July 1st, two weeks ago, was moving day in Montreal. Between 200,000 to 240,000 people moved their residences.The streets were filled up with worn out mattresses, broken furniture, and garbage bags of trash, recyclables, and reusable objects, all thrown together highly piggy because their owners were too rushed or too uninterested to sort out their stuff, or to take the still usable items to the local Salvation Army or Renaissance thrift stores.

It is shocking and saddening to watch these folks, who are clearly not well to do (most of them are moving themselves with the help of friends), being so wasteful with their possessions. It is as if the physical world has no meaning or reality for them. They have taken as a fact of living that it is normal to buy then to trash; to buy then to trash; to buy then to trash; and to repeat this process ad infinitum as if the resources of the earth are unlimited and they will have access to these resources forever!

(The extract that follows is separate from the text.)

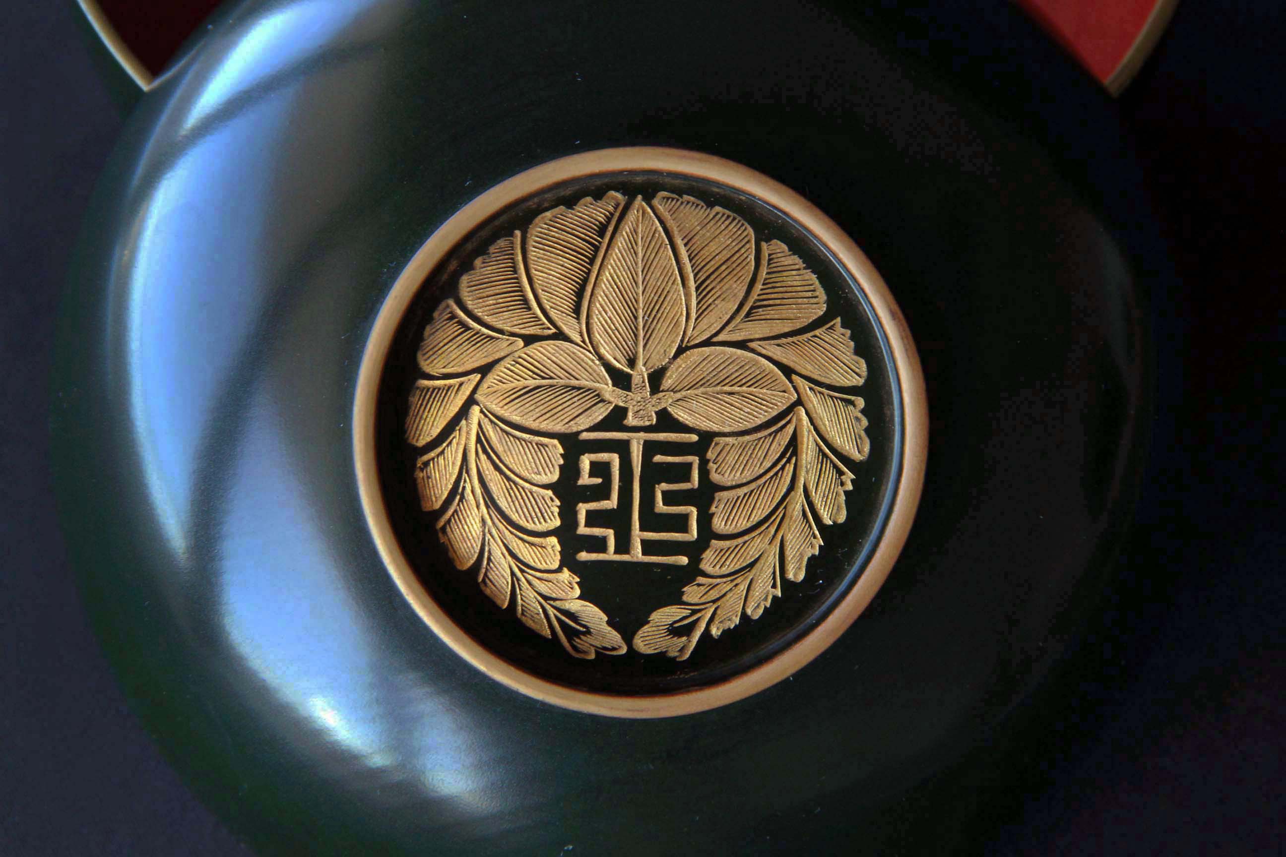 The gold decoration is created using the chinkin technique, in which the design is carefully carved and inlaid with gold.

But there is a secondary assumption at work here, and that is the belief that taking care of one’s stuff is somehow demeaning work! The goal appears to be to grow wealthy so that one can hire another person (less rich or lucky) to clean up and take care of one’s rapidly accumulating stuff.

So the skills of cleaning, tidying, repairing, and ordering are no longer learned nor respected. Once the skill of sewing is forgotten, a rip in a garment sentences the piece of clothing to the garbage unless one has the money and time to take it to a seamstress to be fixed. The ability to fix broken furniture is beyond the knowledge of most people even if all that is needed is wood glue & clamps. And in a disposable culture such as ours, the time needed to learn these skills makes the learning not worth doing. It is cheaper and faster to buy it new.

There also seems to me a final reason that what the care of things demands is beyond our present day understanding or interest. The world of objects, of our stuff, operates in the physical sphere which is bounded by time and energy, unlike the virtual world.  It takes discipline and the ability to stay focussed to organize and pack up a household, to take on these mundane tasks in the physical world; and this is qualitatively different than our experience in instantaneous online reality where most of us spend so much of our time.

Is it any surprise then that, as we are unable take care of the simple objects that make up our households, we find the natural world with its complexity, its vastly slower and infinitely longer time; and its profound subtleties beyond our understanding or concern?